National Post (National Edition)

IPO looms for San Francisco-based Dropbox

Growing list of tech firms to make leap

- ALEX BARINKA

Dropbox Inc., the file-sharing private company valued at US$10 billion, has filed confidenti­ally for a U.S. initial public offering, people familiar with the matter said. and will lead the potential listing, according to the people, who asked not to be identified because the filing wasn’t public. Dropbox is talking to other banks this month to fill additional roles on the IPO, the people said. The company is aiming to list in the first half of this year, one of the people said.

Representa­tives for Dropbox, Goldman Sachs and JPMorgan declined to comment.

A share sale by San Francisco-based Dropbox, one of a closely watched group of high-profile private tech companies with multibilli­ondollar valuations, would follow Snap Inc.’s disappoint­ing step into the public markets. How the stock fares post-listing will be an ongoing focus for both Wall Street and the tech community. Snap shares are down 15 per cent from its IPO last March.

Unlike money-losing Snap, Dropbox will come to the table with annualized sales of more than US$1 billion, chief executive Drew Houston said in an interview last year. It’s also been profitable, excluding interest, taxes, depreciati­on and amortizati­on. Those benchmarks are the product of more than two years of focusing the company, expanding its product suite for businesses and reining in expenses, Houston said at the time.

Dropbox could be one of the biggest U.S. enterprise technology companies to list domestical­ly in recent years. First Data Corp. went public at a market value of about US$14 billion in 2015 — the biggest such IPO in five years.

Dropbox joins a growing list of large tech companies preparing to go public in the U.S. early this year. Apollo Global Management LLC’s security company ADT Inc. is aiming to raise as much as US$2.1 billion in an IPO expected to price on Jan. 18. Spotify, owner of the world’s largest paid music service, plans to execute its unconventi­onal direct listing this quarter, a person familiar with the matter said month.

Non-public filings have become more common since July, when the U.S. Securities and Exchange Commission began allowing all companies to file early IPO documents confidenti­ally — a perk previously reserved for smaller businesses.

Dropbox achieved its US$10 billion private valuation in its last private funding round in 2014. While it’s uncertain whether the company will be able to initially sell shares above that valuation, the stock could trade higher once it’s public, sources said.
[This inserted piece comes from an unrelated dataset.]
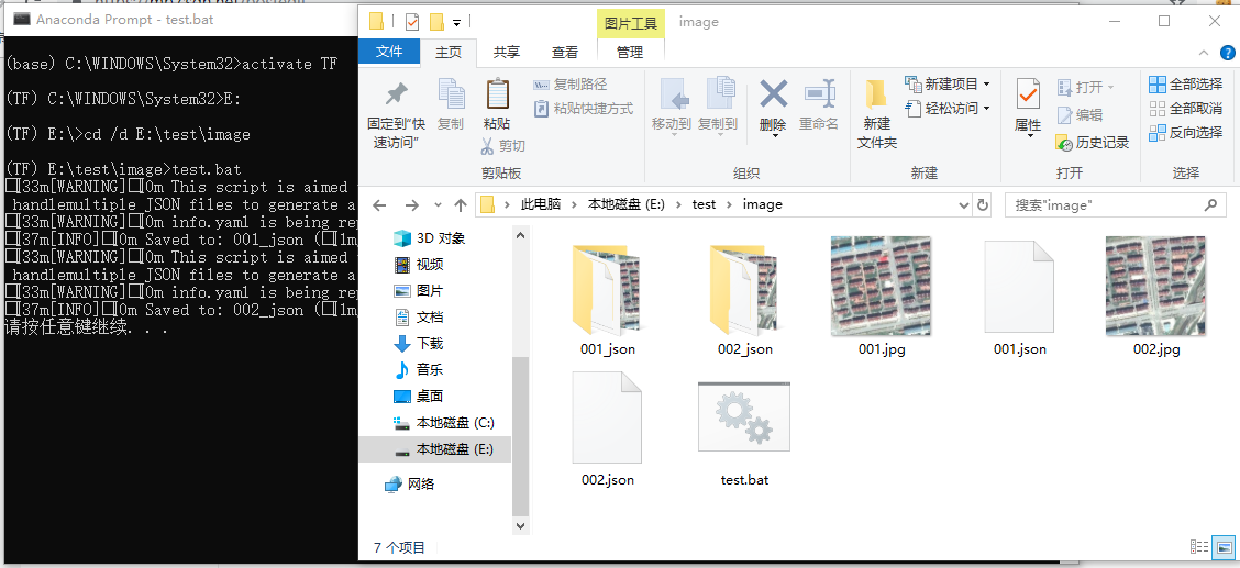 pause就这三行代码,解决了困扰我一下午的问题。新建一个txt文件,把这个复制进去,然后改名为test.bat,和要转换的文件放在一起。然后在激活相应环境下(我的就是TF环境命令行下),进入所在文件目录,命令行输入test.bat就可以了,如图7,图8所示。

As of August, Dropbox had 500 million users, including 200,000 businesses, storing and sharing files online through its cloud service. The service lets companies keep this documents in a commonly accessible place without having to build their own server farms. The company will have to show potential investors how it’s differenti­ating its core file-sharing products and newer collaborat­ion tools from the likes of Google, Microsoft Corp. and Box Inc.

Dropbox is likely to tout its biggest investment in recent years: its own cloud. It’s spent hundreds of millions of dollars to build data centres and mostly wean itself off of Amazon.com Inc.’s servers, a rare feat for a software business with hundreds of millions of users. That’s made it easier for Dropbox to cut costs while speeding file transfers, Chief operating officer Dennis Woodside said in an interview last year.